Arkansas Democrat-Gazette

Floridians fight for masks

- By Lizette Alvarez Lizette Alvarez is a Washington Post contributi­ng columnist writing on issues pertaining to Florida, immigratio­n, politics and more.

On Wednesday, when Gov. Ron DeSantis, R, encouraged Floridians on Twitter to dust off their disaster plans in case Tropical Storm Fred swerved our way, I had to laugh. Isn’t disaster already upon us? And what exactly is the governor’s plan as the state drowns in coronaviru­s?

Obstructio­n may be a political ploy, but it isn’t a strategy to thwart the state’s own record-shattering number of covid infections.

The last thing my home state needs now is a governor who stokes the worst in Florida, a place that notoriousl­y attracts and revels in its outliers, scoundrels, fugitives, scammers and chronic rule breakers. The vibe here is often rebellion or indifferen­ce, regardless of political party. We don’t need to ratchet people up to fight. We need to urge them to listen to reason.

But here we are. DeSantis quibbles over pandemic numbers instead of trying to bring them down, and extols a perverse kind of freedom that comes with no shared responsibi­lity.

Meanwhile, most schools are reopening across the state this week, filling up with children 12 and under who can’t be vaccinated, and many older children who won’t be vaccinated thanks to their parents’, or their own, refusal. School districts are already reporting covid cases, which means more disruption and more illness.

What’s the governor’s big move in addressing this? Making it harder to protect children and staff by bigfooting local officials and throwing up barriers to universal masking. He is standing unflinchin­gly behind his July 30 executive order allowing parents, not school officials or science, to decide whether children should wear masks at school. Further driving home his priorities, DeSantis will allow children to switch to another school — even to a private school, using an emergency voucher — should they feel “harassed” for going maskless.

There is little sign that he will back down, despite a letter on Thursday signed by more than 800 Florida physicians pleading with DeSantis to change his mind given the threat of the ultra-contagious delta variant. The fewer children who wear masks, the less effective masks are generally.

“We can either have a free society or we can have a biomedical security state and I can tell you, Florida, we’re a free state,” DeSantis said at an Aug. 4 news conference.

This week, Broward County joined another school district in rebellion. Broward’s school board, based in Fort Lauderdale, voted to require masks except for long-standing medical or educationa­l exemptions. This despite DeSantis’s threats to dock the pay of superinten­dents and school board members who disobey his mask order. On Thursday, DeSantis acknowledg­ed that he doesn’t actually have the power to withhold their pay.

The covid disaster is only getting worse. Patients in St. Petersburg must wait inside parked ambulances for an hour because they can’t be promptly processed. Nurses, exhausted once again, grow scarcer. The state has the highest rate of pediatric covid-related hospitaliz­ations, keeps breaking its own infection and hospitaliz­ation numbers, and, as of Thursday, made up nearly 19 percent of all new infections in the country.

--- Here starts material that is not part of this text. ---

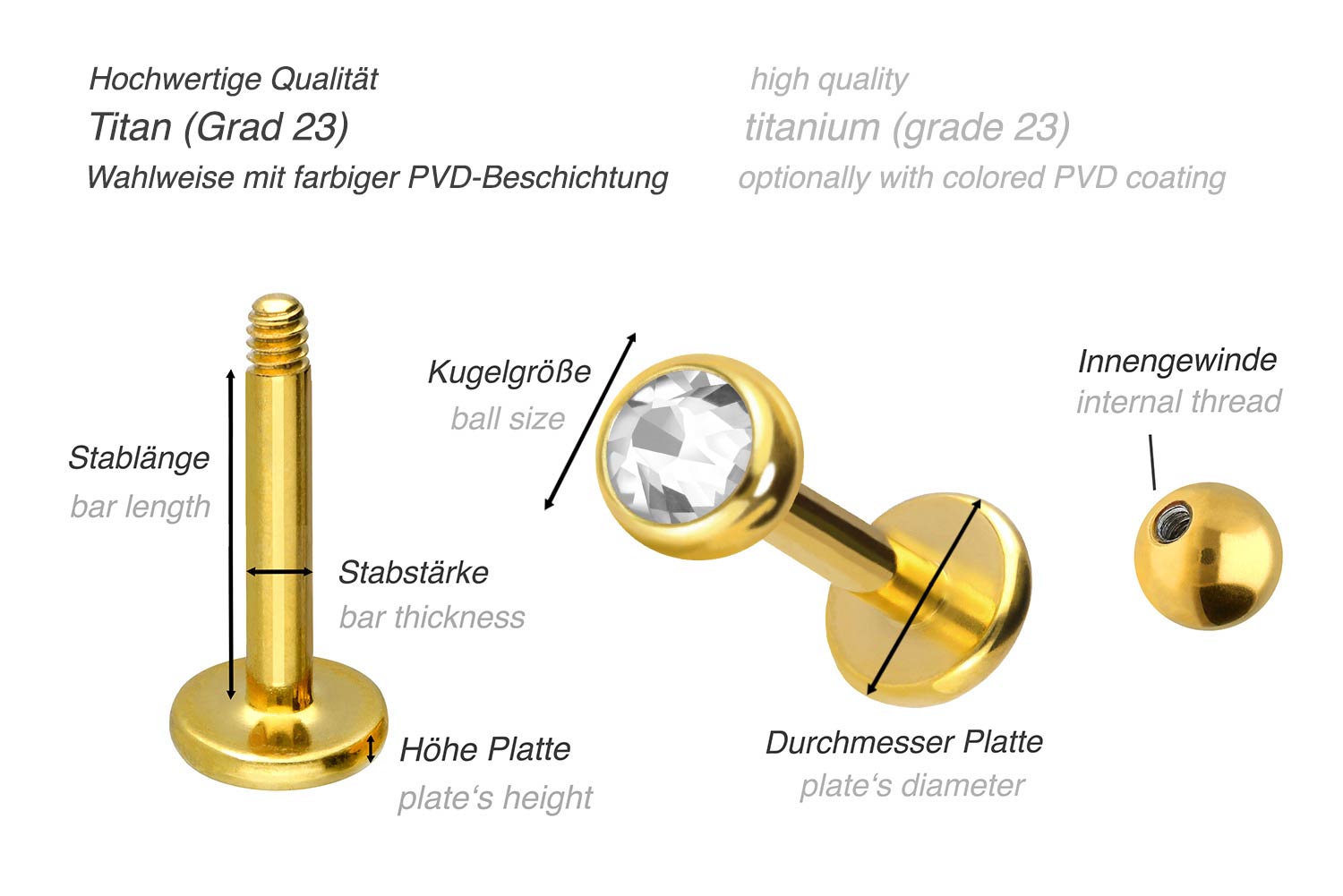 Dieses Labret ist aus hochwertigem Titan gefertigt, das je nach Farbwunsch mit einer kratzfesten PVD-Beschichtung versehen ist. Besonders hervorzuheben ist die weißgoldfarbene PVD-Beschichtung, die dem einzigartigen Schmuckstück einen hellen silbrigen Glanz verleiht. Zu den Materialeigenschaften von Titan gehören neben der hohen Qualität auch gute Hautverträglichkeit und Beständigkeit. Das Labret ist in den unten aufgeführten Stabstärken und -längen erhältlich. Als besonderes Highlight ist die Kugel mit einem schimmernden Kristall verziert. Darüber hinaus gibt es viele Kombinationsmöglichkeiten mit unserem Schraubzubehör, da die Kristallkugel abgeschraubt werden kann. Dies gilt auch für das Labret mit 1 mm Stabstärke, dank des 1,2 mm Gewindes.

DeSantis has stuck with his political playbook, blaming media “hysteria” - not the delta variant - for the crisis. He opposes requiring the vaccinatio­n of health-care workers because unlimited personal freedom is more important than freedom from harm. And his stance has paid off, with loads of campaign cash as he travels the country giving speeches, fundraisin­g and touting his anti-Fauci sweatshirt­s.

The delta variant may well fizzle out before DeSantis decides to wholeheart­edly tackle this wave of coronaviru­s. Biding his time might appear to be his only strategy. The good news is fear is driving up vaccinatio­n rates and people continue to fight back, including school boards and parents. DeSantis’s anti-mask mandate is now in the courts after outraged parents decided to sue. Judi Hayes, whose child is disabled, is one of them.

“I’ve lived in Florida practicall­y my entire life and I never envisioned that I would be in this position, that the governor would actively be trying to harm my child,” Hayes told CNN this week. “Epidemiolo­gy doesn’t work that way. It doesn’t care about your freedom. It doesn’t care about your feelings.”